#### INPUT RECORDS
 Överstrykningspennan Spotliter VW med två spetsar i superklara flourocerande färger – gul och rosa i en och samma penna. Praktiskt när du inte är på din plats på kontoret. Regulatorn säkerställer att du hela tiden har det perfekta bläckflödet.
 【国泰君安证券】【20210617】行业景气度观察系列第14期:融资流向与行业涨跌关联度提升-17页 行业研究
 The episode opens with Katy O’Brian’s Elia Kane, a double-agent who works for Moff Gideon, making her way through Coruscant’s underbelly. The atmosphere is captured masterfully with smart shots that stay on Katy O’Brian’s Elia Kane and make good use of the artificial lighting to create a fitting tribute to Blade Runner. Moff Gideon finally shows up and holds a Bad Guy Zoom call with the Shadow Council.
########
#### INPUT RECORDS
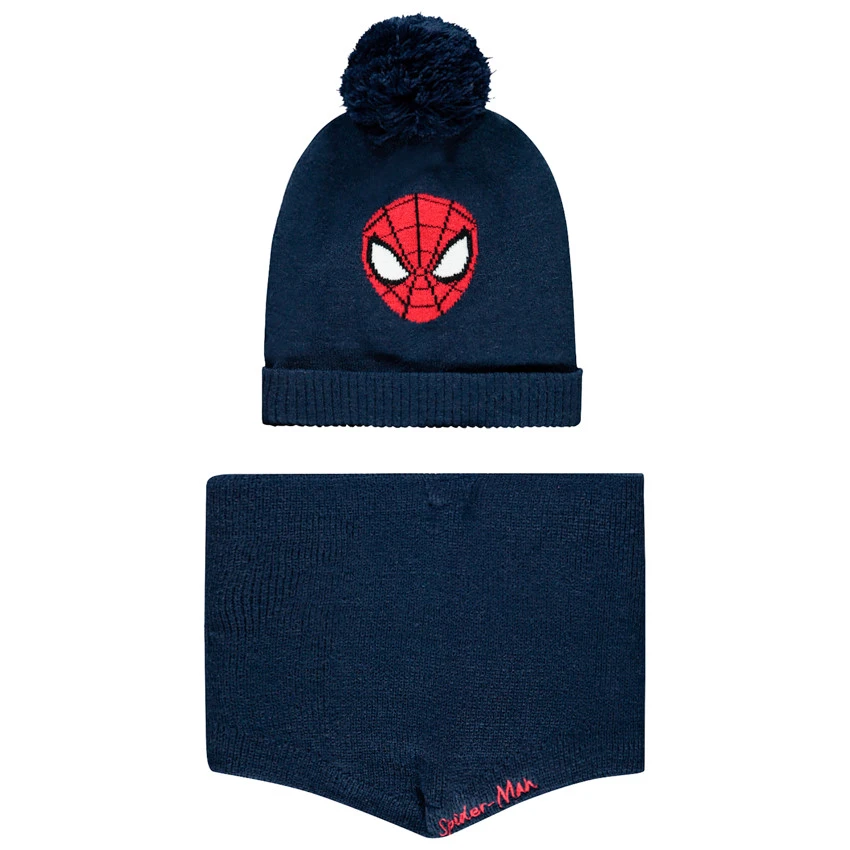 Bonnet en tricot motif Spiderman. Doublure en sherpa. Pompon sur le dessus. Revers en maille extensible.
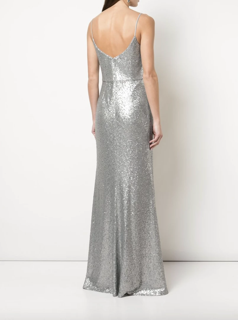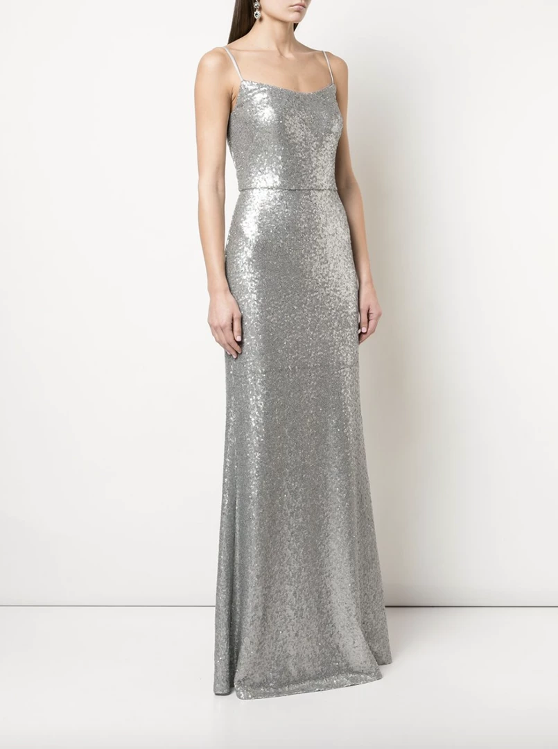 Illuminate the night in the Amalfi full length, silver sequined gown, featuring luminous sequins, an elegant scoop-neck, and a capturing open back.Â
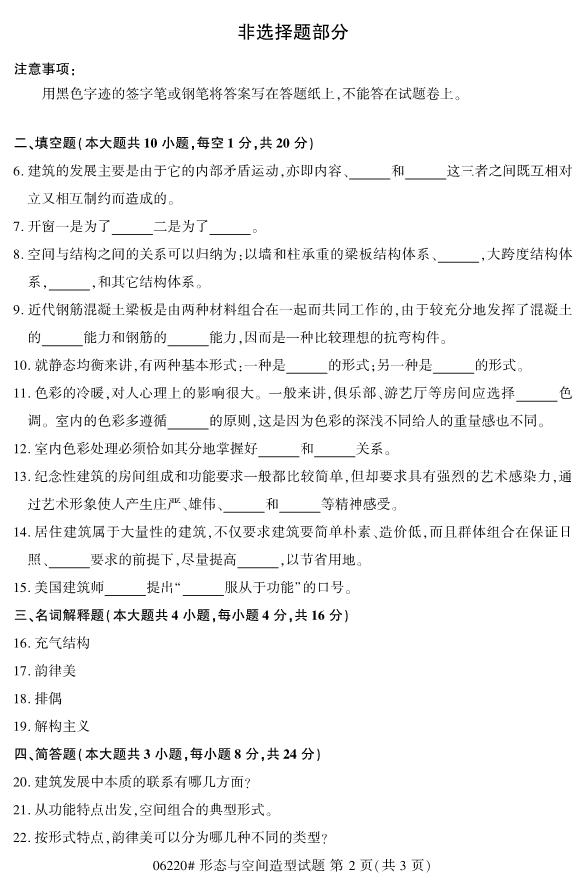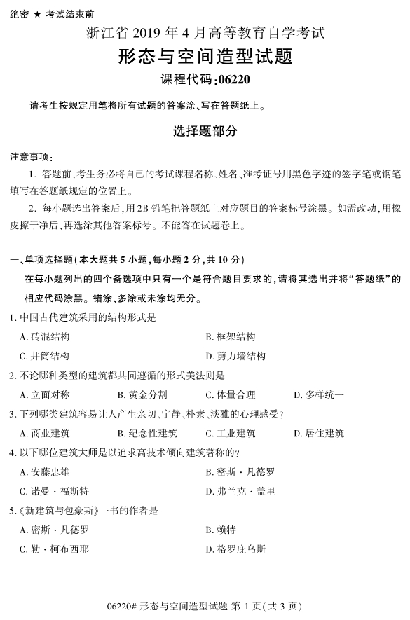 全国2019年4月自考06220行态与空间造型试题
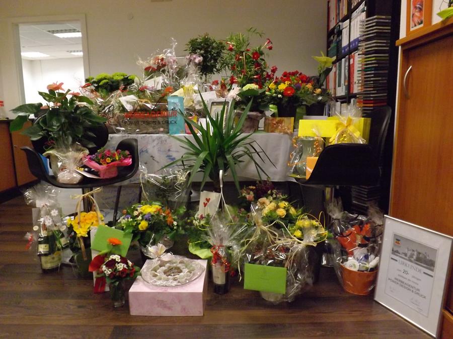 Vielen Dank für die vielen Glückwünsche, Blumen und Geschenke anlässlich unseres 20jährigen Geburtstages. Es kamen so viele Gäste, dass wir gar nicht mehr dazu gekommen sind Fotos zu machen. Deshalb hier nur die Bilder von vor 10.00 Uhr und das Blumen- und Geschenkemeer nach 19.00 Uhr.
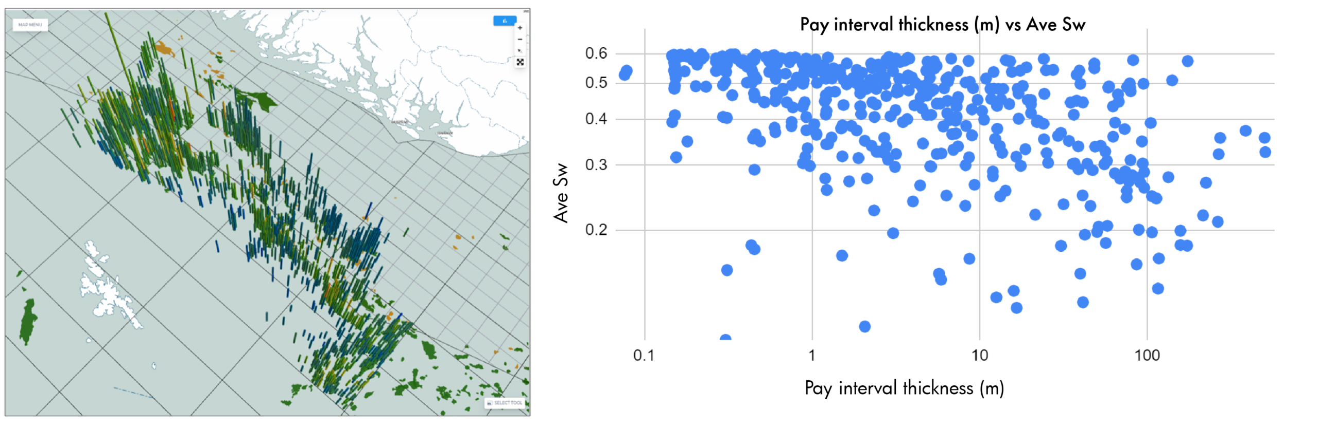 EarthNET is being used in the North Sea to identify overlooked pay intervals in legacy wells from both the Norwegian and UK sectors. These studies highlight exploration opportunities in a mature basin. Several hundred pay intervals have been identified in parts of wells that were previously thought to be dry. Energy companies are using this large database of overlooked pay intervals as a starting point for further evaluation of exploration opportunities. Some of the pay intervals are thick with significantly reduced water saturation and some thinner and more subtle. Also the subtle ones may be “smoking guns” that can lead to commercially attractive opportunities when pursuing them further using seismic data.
########
#### INPUT RECORDS
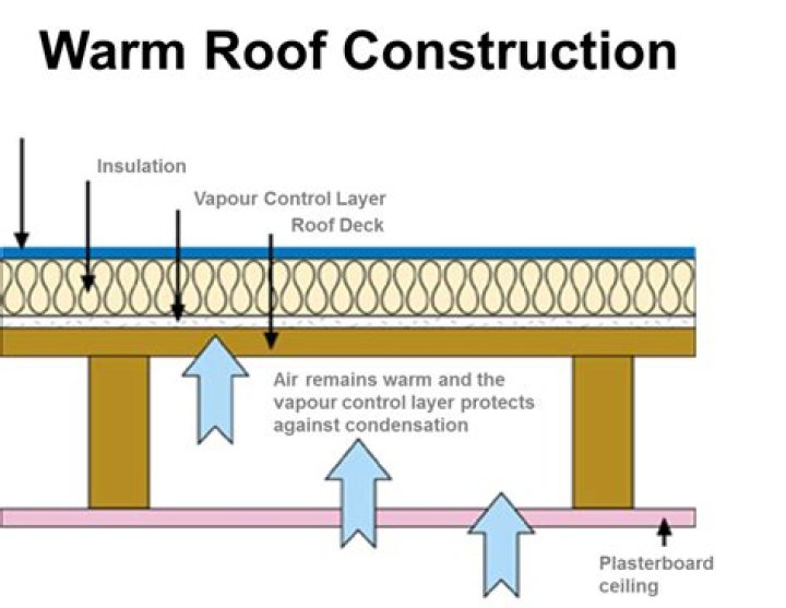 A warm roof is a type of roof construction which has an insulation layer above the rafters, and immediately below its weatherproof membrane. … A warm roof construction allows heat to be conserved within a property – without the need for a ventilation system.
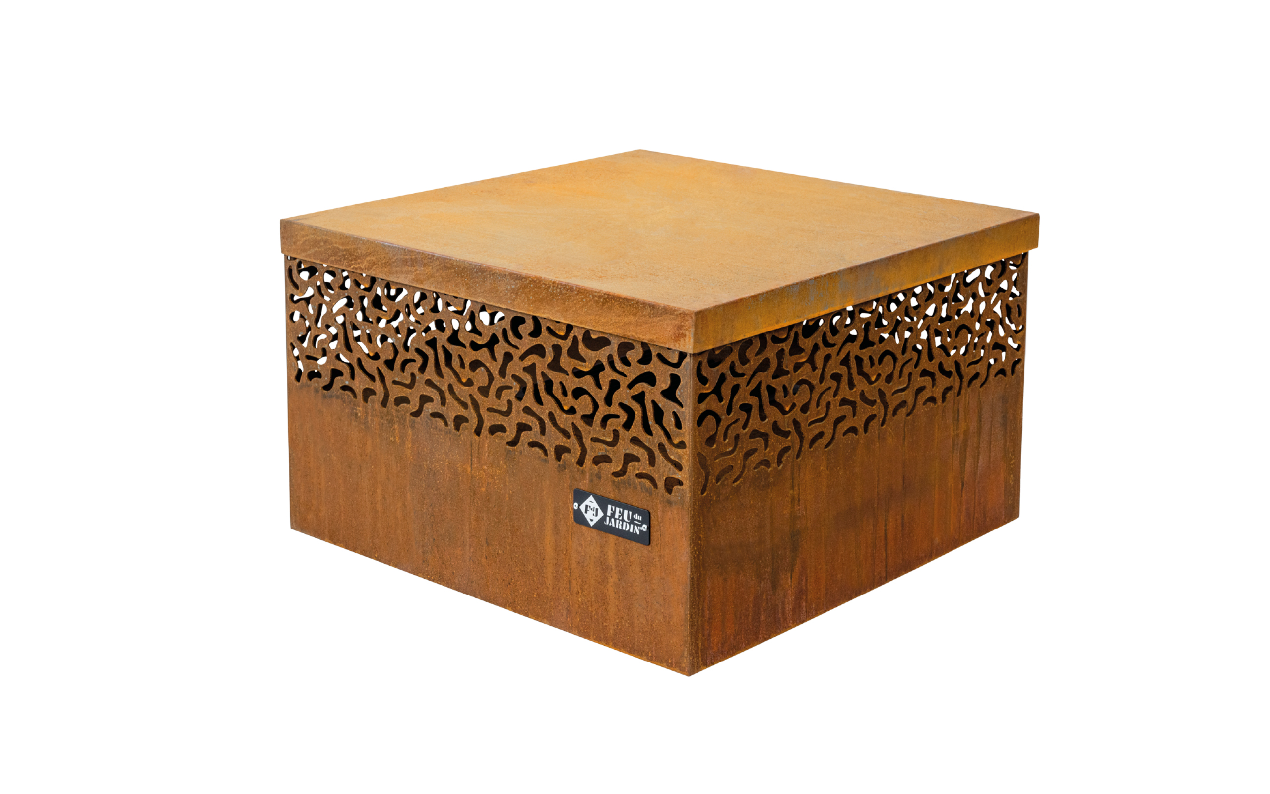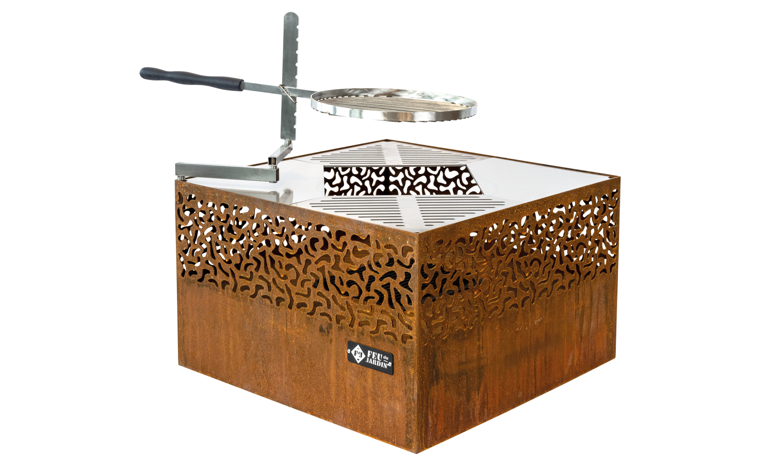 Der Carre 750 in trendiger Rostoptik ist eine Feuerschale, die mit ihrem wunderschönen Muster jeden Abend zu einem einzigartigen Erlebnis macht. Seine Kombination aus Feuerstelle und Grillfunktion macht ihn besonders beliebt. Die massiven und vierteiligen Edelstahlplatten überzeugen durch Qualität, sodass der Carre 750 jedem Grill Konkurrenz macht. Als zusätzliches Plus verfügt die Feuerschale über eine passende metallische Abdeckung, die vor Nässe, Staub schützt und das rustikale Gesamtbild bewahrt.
########
» WHAT IS NEEDED
Reproduce, word for word, only the lines in the records above from the line with "全国2019年4月自考06220行态与空间造型试题" through the line with "EarthNET is being", including both ends; omit the pictures.

» ANSWER FOR THIS EXERCISE
 全国2019年4月自考06220行态与空间造型试题
 Vielen Dank für die vielen Glückwünsche, Blumen und Geschenke anlässlich unseres 20jährigen Geburtstages. Es kamen so viele Gäste, dass wir gar nicht mehr dazu gekommen sind Fotos zu machen. Deshalb hier nur die Bilder von vor 10.00 Uhr und das Blumen- und Geschenkemeer nach 19.00 Uhr.
 EarthNET is being used in the North Sea to identify overlooked pay intervals in legacy wells from both the Norwegian and UK sectors. These studies highlight exploration opportunities in a mature basin. Several hundred pay intervals have been identified in parts of wells that were previously thought to be dry. Energy companies are using this large database of overlooked pay intervals as a starting point for further evaluation of exploration opportunities. Some of the pay intervals are thick with significantly reduced water saturation and some thinner and more subtle. Also the subtle ones may be “smoking guns” that can lead to commercially attractive opportunities when pursuing them further using seismic data.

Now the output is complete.